Paavo Jarvi makes only one appearance, and this a massive rendition of the Sibelius Finlandia, with the male chorus intoning the Finnish equivalent of “Be Still My Soul.” Brilliant but relaxed through long association, the piece gains a decisive momentum at the finale, with brass blazing and Paavo Jarvi much pleased with the resounding chords of Finnish independence. Maarika and Kristjan Jarvi appear to perform Three Pieces for Flute and String Orchestra (trans. Charles Coleman) by Heino Eller (1865-1970). A conservative syntax marks these lovely program pieces, entitled “In the Valley,” “On the River,” and “In the Meadow,” which makes them distant cousins of the Frederick Delius school of musical thought.

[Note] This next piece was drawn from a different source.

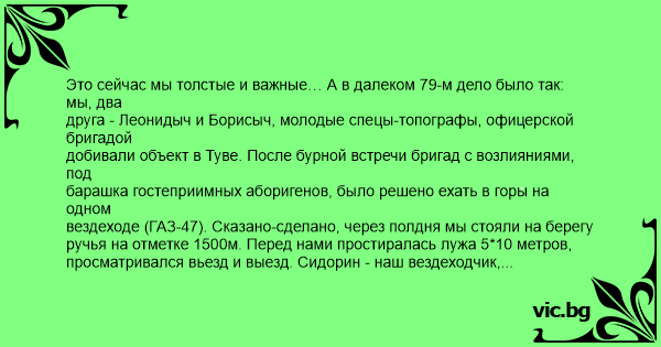 друга - Леонидыч и Борисыч, молодые спецы-топографы, офицерской бригадой
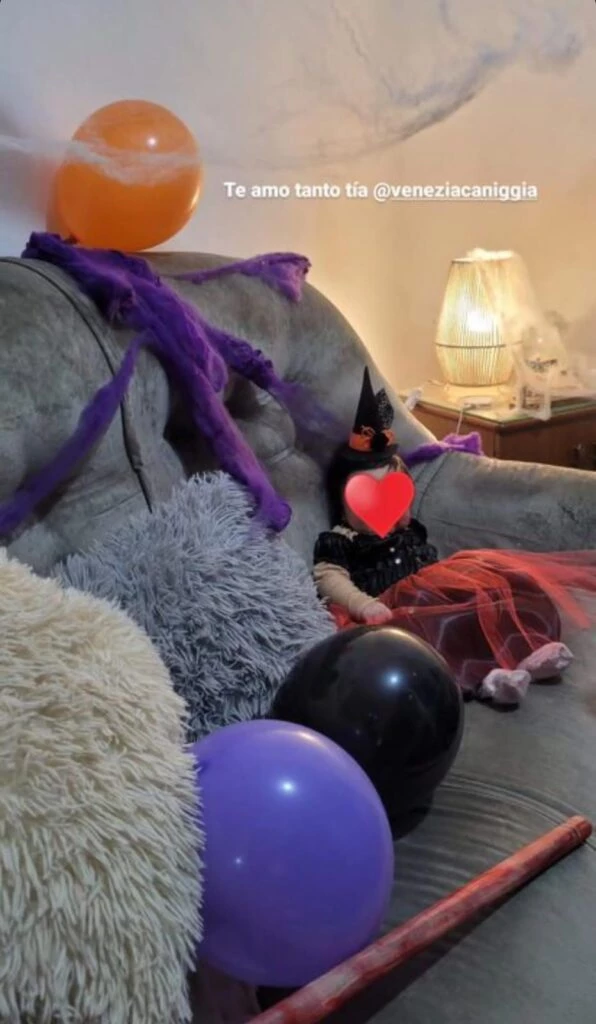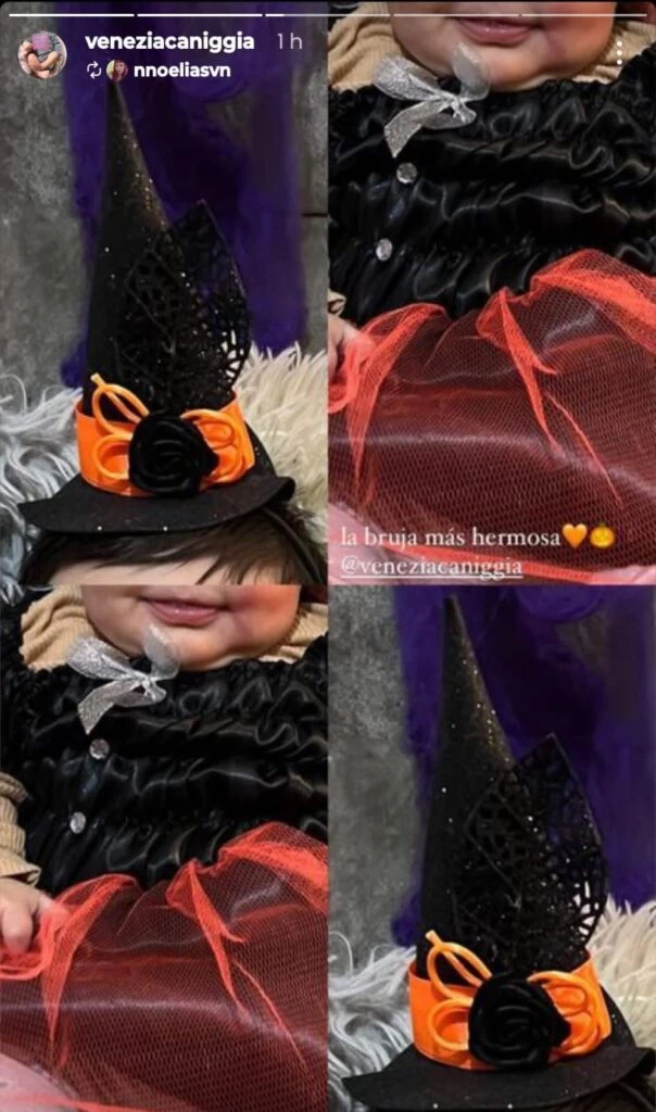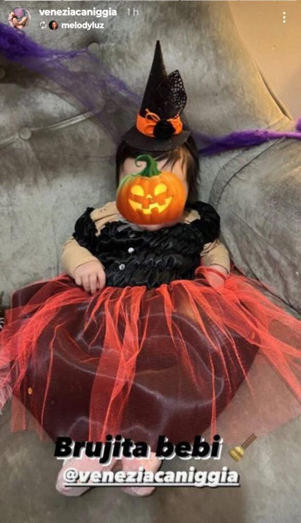 “La bruja más hermosa”, escribió más adelante Melody, en un collage donde unió varias fotos mostrando los detalles del disfraz de Venezia, y tapando su carita con emojis o recortando la foto. Pero, se puede ver lo mucho que ha crecido la bebé desde que nació y sus cachetes conquistaron desde ya a los seguidores de sus padres.

Each of the dances is a bucolic lyric paean to Nature, light and breezy, the second of which might suggest a wayfarer’s whistled tune.

Kristjan Jarvi makes a solo appearance with three excerpts from Nielsen’s Aladdin Suite, highly energized in the Dane’s pomp, idiosyncratic harmony and erotic syntax, each suggestive of Arabia or at least--in the third dance called “African Dance”--a moment from Tunis or Algeria. Wonderful battery effects from the Estonian National Orchestra certify their virtuosic sense for color and rhythm, each new addition to the spectrum urging Kristjan Jarvi to more convulsive ecstasies.


Lastly, but certainly the main attraction, Neeme Jarvi leads a powerfully etched rendition of Liszt’s Eine Faust-Sinfonie (1857) after the epic by Goethe. The huge orchestra and chorus, including solo tenor Juhan Tralla and pipe organ, follows Jarvi’s every facial crease and hand gesture with due reverence. Conceived in three programmatic movements--the third Mephisto movement an inversion of themes from the first Faust movement--Liszt’s music exploits all twelve tones of the chromatic scale and in several respects foreshadows the “crisis of harmony” incarnate in Schoenberg. Only the second movement, Gretchen, remains thematically intact resistant to the Devil’s wiles and acts accordingly as an impetus to the tenor’s repeated plaint that “the Eternal Feminine leads us onward.” Even if we do not particularly worship at Liszt’s musical altar, we can plainly witness in literally iconic terms that the Estonians treated this Neeme Jarvi Day as a religious pilgrimage.